The August 10, 2007 revisions included a new provision at section 24.111(c) (available at 72 Fed. Reg. 44956 (Aug. 10, 2007)) that is to similar on the AIR21, SOX and STAA model, which does not allow a simple dismissal of a complaint under Rule 41.  Rather, when a complainant seeks to dismiss a complaint under this regulatory structure, the ARB has found that the proper procedure is to find that the complainant has withdrawn objections to OSHA's findings, and to reinstate and affirm the OSHA findings. See, e.g., Vodicka v. Dobi Medical International, Inc., ARB No. 06-037, ALJ No. 2005-SOX-111 (ARB May 30, 2007); Thompson v. Inland Northwest Dairies, LLC, ARB No. 07-085, ALJ No. 2007-STA-31 (ARB July 31, 2007).  The AIR21, SOX and STAA regulations, however, all require the submission of a settlement agreement for review and approval by the ALJ or ARB, with such approval becoming the final decision of the Secretary.  Thus, section 24.111(c) (available at 72 Fed. Reg. 44956 (Aug. 10, 2007)) has a slightly different context than the AIR21, SOX and STAA model, and it is clear as of the date of this memorandum how an ALJ should treat a voluntary dismissal based on a settlement under the Part 24 revisions.


Sarbanes-Oxley Act (Corporate and Criminal Fraud Accountability Act)
(SOX)

The parties must submit the settlement to the ALJ. 29 C.F.R. § 1980.111(d)(2). 

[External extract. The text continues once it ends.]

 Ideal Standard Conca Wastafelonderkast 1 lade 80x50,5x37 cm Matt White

The Sarbanes-Oxley Act incorporates by reference portions of AIR21 procedure, including this language: "At any time before issuance of a final order, a proceeding under this subsection may be terminated on the basis of a settlement agreement entered into by the Secretary of Labor, the complainant, and the person alleged to have committed the violation." The "entered into by the Secretary" language puts SOX settlements into the category of cases in which the settlement must be submitted to the ALJ for approval. See 29 C.F.R. § 1980.111(d)(2).

Pursuant to 29 C.F.R. § 1980.111(e), an ALJ's order approving the settlement of a Sarbanes Oxley Act employee protection complaint constitutes the final order of the Secretary.

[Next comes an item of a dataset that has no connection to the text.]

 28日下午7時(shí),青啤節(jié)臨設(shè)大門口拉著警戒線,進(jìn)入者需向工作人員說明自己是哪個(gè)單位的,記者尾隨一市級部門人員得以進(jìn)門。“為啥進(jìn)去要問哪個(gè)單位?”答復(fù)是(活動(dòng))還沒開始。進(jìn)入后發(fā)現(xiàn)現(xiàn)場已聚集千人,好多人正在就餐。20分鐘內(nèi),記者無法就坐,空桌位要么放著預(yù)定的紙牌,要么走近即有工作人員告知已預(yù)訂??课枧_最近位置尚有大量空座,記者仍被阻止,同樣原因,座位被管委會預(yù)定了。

Pipeline Safety Improvement Act Whistleblower
(PSIA)

The parties must submit the settlement to the ALJ. 29 C.F.R. § 1981.111(d)(2).  The Pipeline Security whistleblower statute uses the "entered into by the Secretary" phrase in regard to settlements, so it is in the category of cases requiring that a settlement be submitted to, and approved by, the ALJ. See, e.g., Heffley v. NGK Metals Corp., 1989-SDW-2 (Sec'y Mar. 6, 1990) (order to submit settlement).

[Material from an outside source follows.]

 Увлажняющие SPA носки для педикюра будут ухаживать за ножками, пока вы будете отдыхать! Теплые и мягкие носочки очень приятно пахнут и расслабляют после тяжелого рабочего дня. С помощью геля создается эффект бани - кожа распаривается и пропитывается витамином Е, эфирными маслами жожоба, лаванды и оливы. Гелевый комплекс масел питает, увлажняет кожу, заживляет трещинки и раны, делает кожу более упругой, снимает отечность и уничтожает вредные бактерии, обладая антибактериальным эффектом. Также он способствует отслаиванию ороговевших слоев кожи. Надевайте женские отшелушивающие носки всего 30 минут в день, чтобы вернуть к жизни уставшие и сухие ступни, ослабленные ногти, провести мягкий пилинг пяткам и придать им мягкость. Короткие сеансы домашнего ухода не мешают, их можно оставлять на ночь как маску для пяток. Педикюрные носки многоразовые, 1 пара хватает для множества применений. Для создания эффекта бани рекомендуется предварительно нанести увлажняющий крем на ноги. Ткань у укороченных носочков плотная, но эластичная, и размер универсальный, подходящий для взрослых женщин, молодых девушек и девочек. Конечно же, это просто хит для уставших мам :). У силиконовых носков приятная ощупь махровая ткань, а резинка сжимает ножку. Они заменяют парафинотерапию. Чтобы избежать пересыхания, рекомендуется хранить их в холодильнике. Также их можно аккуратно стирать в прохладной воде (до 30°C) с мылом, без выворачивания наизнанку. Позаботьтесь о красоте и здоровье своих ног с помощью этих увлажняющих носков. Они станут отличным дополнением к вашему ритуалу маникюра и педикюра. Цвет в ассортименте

Any settlement approved by the Assistant Secretary, the administrative law judge, or the ARB constitutes the final order of the Secretary.  29 C.F.R. § 1981.111(e).


Surface Transportation Assistance Act
(STAA)

The parties must submit the settlement to the ALJ. 29 C.F.R. § 1978.111(d)(2); Tankersley v. Triple Crown Services, Inc., 1992-STA-8 (ALJ Oct. 20, 1992); Faust v. Chemical Leaman Tank Lines, 1992-SWD-2, 1993-STA-15 (ARB June 13, 1996). The ALJ must review the settlement to determine if it is fair, adequate and reasonable. If it is, the ALJ may approve the settlement; however, the ARB still must issue the final order of dismissal pursuant to 29 C.F.R. § 1978.109(c). See Howick v. Experience Hendrix, LLC, ARB No. 02-049, ALJ No. 2000-STA-32 (ARB Sept. 26, 2002); Monroe v. Cumberland Transportation Corp., ARB No. 01-101, ALJ No. 2000-STA-50 (ARB Sept. 26, 2001); Cook v. Shaffer Trucking Inc., ARB No. 01-051, ALJ No. 2000-STA-17 (ARB May 30, 2001).

The Howick, Monroe, and Cook decisions appear to overrule earlier ARB and Secretary of Labor orders indicating that an ALJ issues the final order approving an STAA settlement. See, e.g., Thompson v. G & W Transportation, Co., Inc., 1990-STA-25 (Sec'y Oct. 24, 1990); Fisher v. ABC Trailer Sales & Rental, Inc., ARB No. 98-123, ALJ No. 1997-STA-20 (ARB May 29, 1998); see also 29 C.F.R. § 1978.111(d)(2) (settlement is submitted to and approved by ARB or the ALJ, as the case may be).

Once the ALJ has issued a recommended decision and forwarded the case to the ARB for review, the ARB is the appropriate body to review a subsequent settlement agreement. Ass't Sec'y & Zurenda v. Corporate Express Delivery Systems, Inc., ARB No. 00-041, ALJ No. 1999-STA-30 (ARB Mar. 31, 2000).